BEGIN Collected material

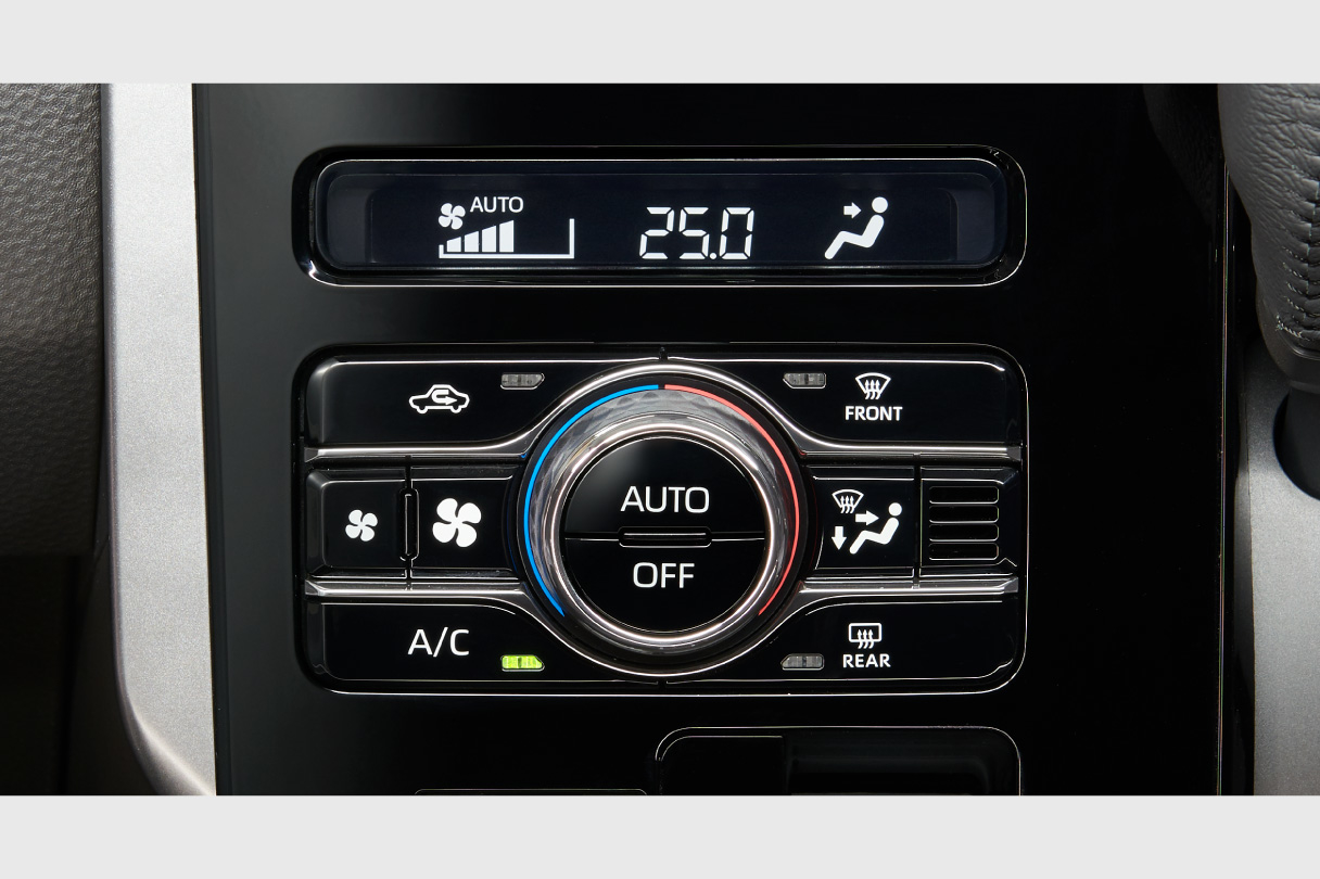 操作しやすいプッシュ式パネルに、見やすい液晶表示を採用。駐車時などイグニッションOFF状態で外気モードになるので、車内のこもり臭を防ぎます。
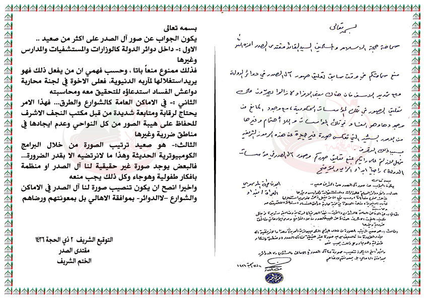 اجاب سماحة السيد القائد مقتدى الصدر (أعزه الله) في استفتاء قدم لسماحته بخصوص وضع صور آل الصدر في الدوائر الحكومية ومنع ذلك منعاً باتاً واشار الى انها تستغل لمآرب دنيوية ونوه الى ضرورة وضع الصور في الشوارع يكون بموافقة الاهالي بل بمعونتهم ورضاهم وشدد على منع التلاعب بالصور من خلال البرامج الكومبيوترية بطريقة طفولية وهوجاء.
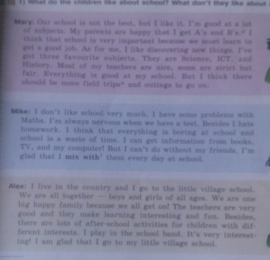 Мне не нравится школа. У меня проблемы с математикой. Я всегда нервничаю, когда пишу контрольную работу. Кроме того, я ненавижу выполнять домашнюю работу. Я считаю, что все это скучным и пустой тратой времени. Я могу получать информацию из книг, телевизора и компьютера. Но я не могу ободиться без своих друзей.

END Collected material

→ **What to do**:
Output the material word for word, and keep the pictures out.

→ **Output**:
 操作しやすいプッシュ式パネルに、見やすい液晶表示を採用。駐車時などイグニッションOFF状態で外気モードになるので、車内のこもり臭を防ぎます。
 اجاب سماحة السيد القائد مقتدى الصدر (أعزه الله) في استفتاء قدم لسماحته بخصوص وضع صور آل الصدر في الدوائر الحكومية ومنع ذلك منعاً باتاً واشار الى انها تستغل لمآرب دنيوية ونوه الى ضرورة وضع الصور في الشوارع يكون بموافقة الاهالي بل بمعونتهم ورضاهم وشدد على منع التلاعب بالصور من خلال البرامج الكومبيوترية بطريقة طفولية وهوجاء.
 Мне не нравится школа. У меня проблемы с математикой. Я всегда нервничаю, когда пишу контрольную работу. Кроме того, я ненавижу выполнять домашнюю работу. Я считаю, что все это скучным и пустой тратой времени. Я могу получать информацию из книг, телевизора и компьютера. Но я не могу ободиться без своих друзей.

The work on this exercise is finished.